Dive into Neural Networks
James McCaffreyDownload the Code Sample
An artificial neural network (usually just called a neural network) is an abstraction loosely modeled on biological neurons and synapses. Although neural networks have been studied for decades, many neural network code implementations on the Internet are not, in my opinion, explained very well. In this month’s column, I’ll explain what artificial neural networks are and present C# code that implements a neural network.
The best way to see where I’m headed is to take a look at Figure 1 and Figure 2. One way of thinking about neural networks is to consider them numerical input-output mechanisms. The neural network in Figure 1 has three inputs labeled x0, x1 and x2, with values 1.0, 2.0 and 3.0, respectively. The neural network has two outputs labeled y0 and y1, with values 0.72 and -0.88, respectively. The neural network in Figure 1 has one layer of so-called hidden neurons and can be described as a three-layer, fully connected, feedforward network with three inputs, two outputs and four hidden neurons. Unfortunately, neural network terminology varies quite a bit. In this article, I’ll generally—but not always—use the terminology described in the excellent neural network FAQ at bit.ly/wfikTI.

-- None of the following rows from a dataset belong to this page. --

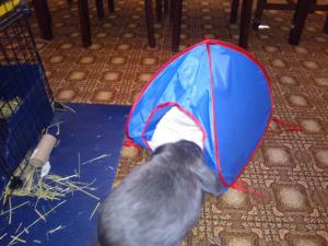 Poopy wasn’t too thrilled with his tent though. He played with it for just a little while. I think he finds his tent too small for him or he just wants to cuddle more when he’s on the bed with us. Either way, cuddly PoopyBuhda and feisty NinNin are both very hoppy today.
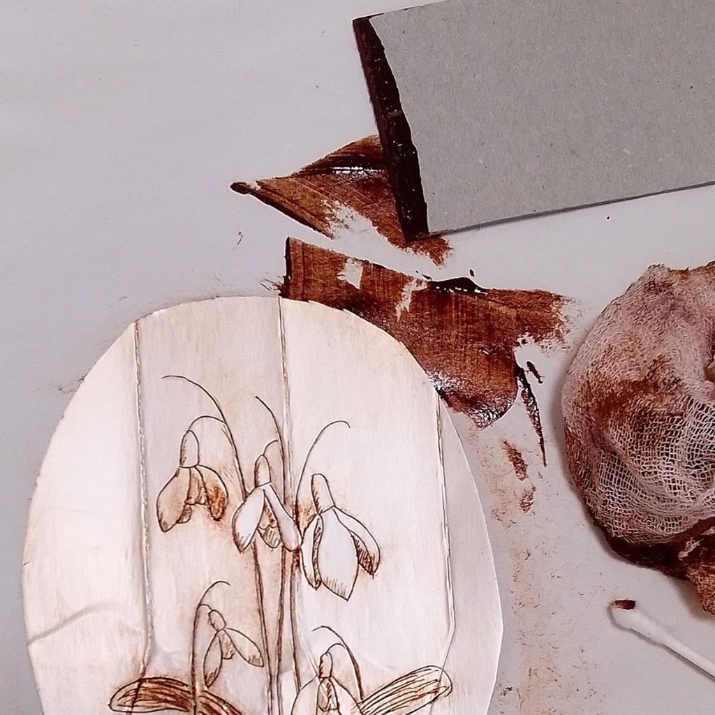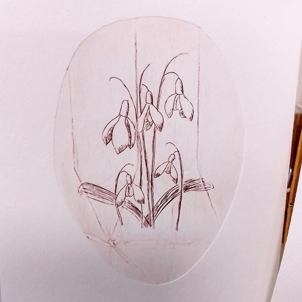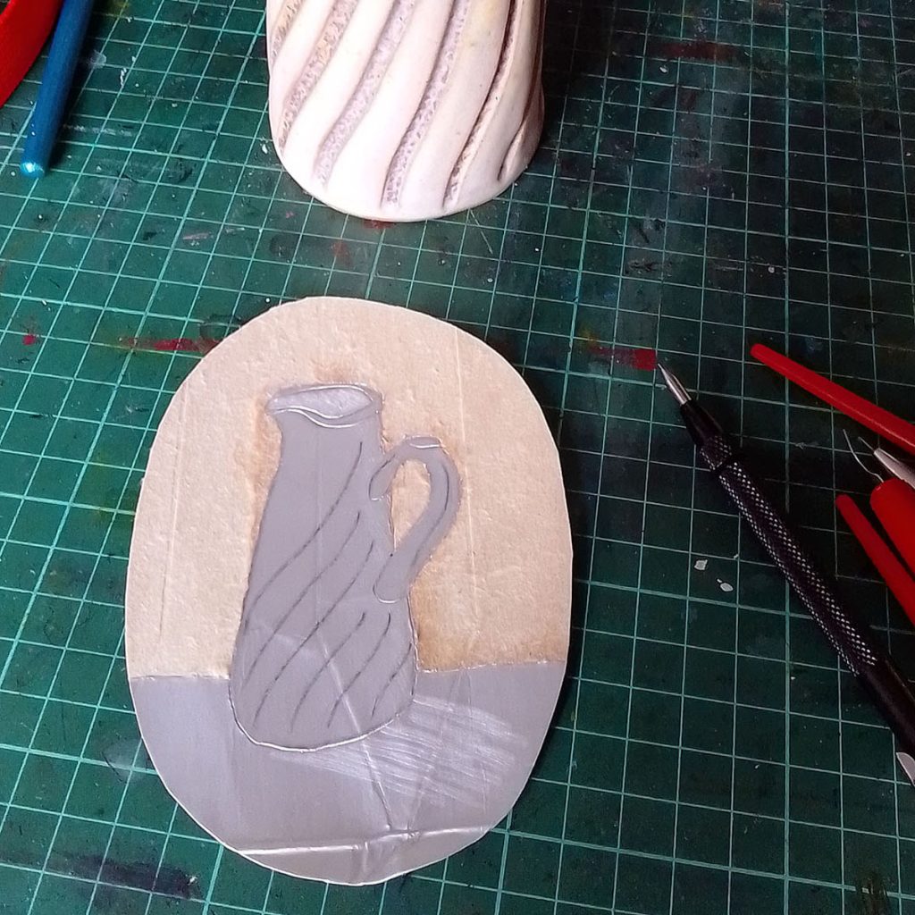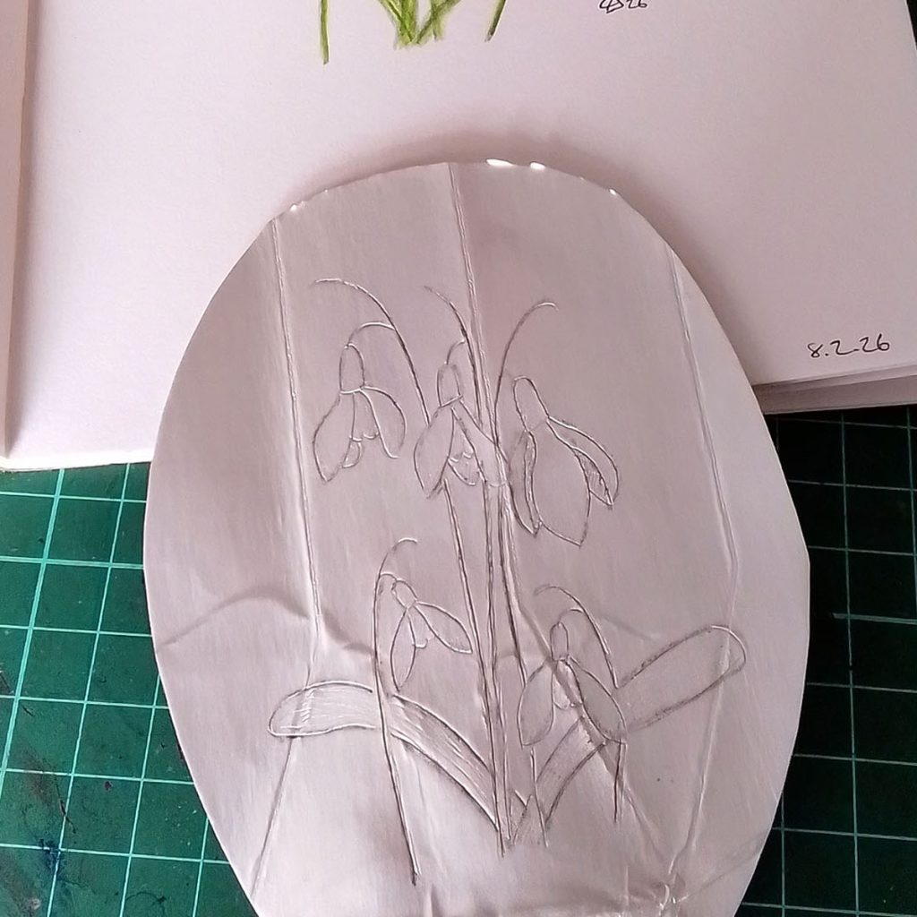 To use a carton, open it out, make sure it’s thoroughly clean, and etch into the plasticy foil that is on the inside of the carton. I worked on three different prints, a jug, a bunch of snowdrops and a crab apple blossom. If you would like areas of dark tone, then you can rip off the foil in these areas – see the jug etching below.
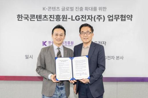 한국콘텐츠진흥원(이하 콘진원)은 지난 30일 서울 영등포구 엘지전자 사옥에서 엘지전자와 ‘K-콘텐츠 글로벌 진출 확대를 위한 업무협약(MOU)’을

Figure 1 Neural Network Structure
Figure 2 Neural Network Demo Program
Figure 2 shows the output produced by the demo program presented in this article. The neural network uses both a sigmoid activation function and a tanh activation function. These functions are suggested by the two equations with the Greek letters phi in Figure 1. The outputs produced by a neural network depend on the values of a set of numeric weights and biases. In this example, there are a total of 26 weights and biases with values 0.10, 0.20 ... -5.00. After the weight and bias values are loaded into the neural network, the demo program loads the three input values (1.0, 2.0, 3.0) and then performs a series of computations as suggested by the messages about the input-to-hidden sums and the hidden-to-output sums. The demo program concludes by displaying the two output values (0.72, -0.88).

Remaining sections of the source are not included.